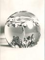 DescriptionColorless glass of good quality; solid, except for a center bubble, tooled. Encloses a stylized flower composed of swirling bands of red, white, and blue glass chips, the stem rising from a quatrefoil ruffled form of the same-colored chips.
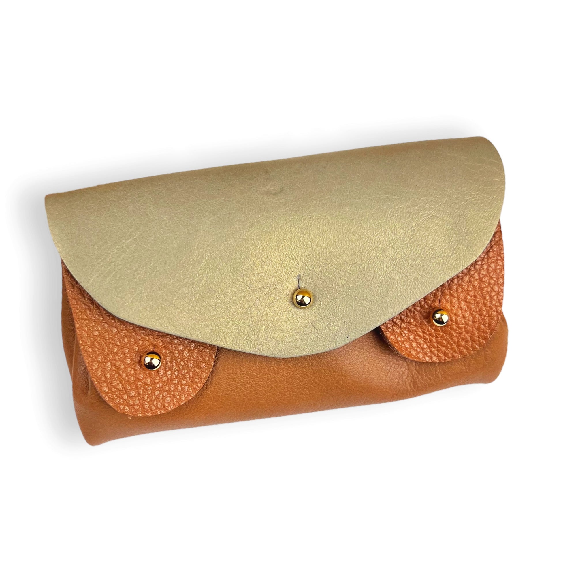 • Coloris beige reflets iridescents, cuir fauve, cuir caramel
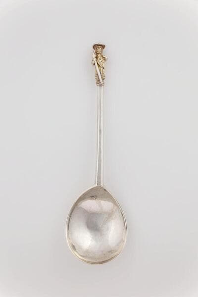 Each of these spoons (66.1.1-66.1.13) displays a small figure of an apostle, one of the twelve disciples Christ chose to preach his Gospel to the world. In an era when many children died in infancy, newborns were frequently named for one of the apostles—who became the child's patron saint and protector—and sets of such spoons were popular baptismal presents to godchildren. The group is one of very few sets of such an early date that survive intact.

•••

Write the material above out again exactly as it reads, but don't carry over the pictures.

 DescriptionColorless glass of good quality; solid, except for a center bubble, tooled. Encloses a stylized flower composed of swirling bands of red, white, and blue glass chips, the stem rising from a quatrefoil ruffled form of the same-colored chips.
 • Coloris beige reflets iridescents, cuir fauve, cuir caramel
 Each of these spoons (66.1.1-66.1.13) displays a small figure of an apostle, one of the twelve disciples Christ chose to preach his Gospel to the world. In an era when many children died in infancy, newborns were frequently named for one of the apostles—who became the child's patron saint and protector—and sets of such spoons were popular baptismal presents to godchildren. The group is one of very few sets of such an early date that survive intact.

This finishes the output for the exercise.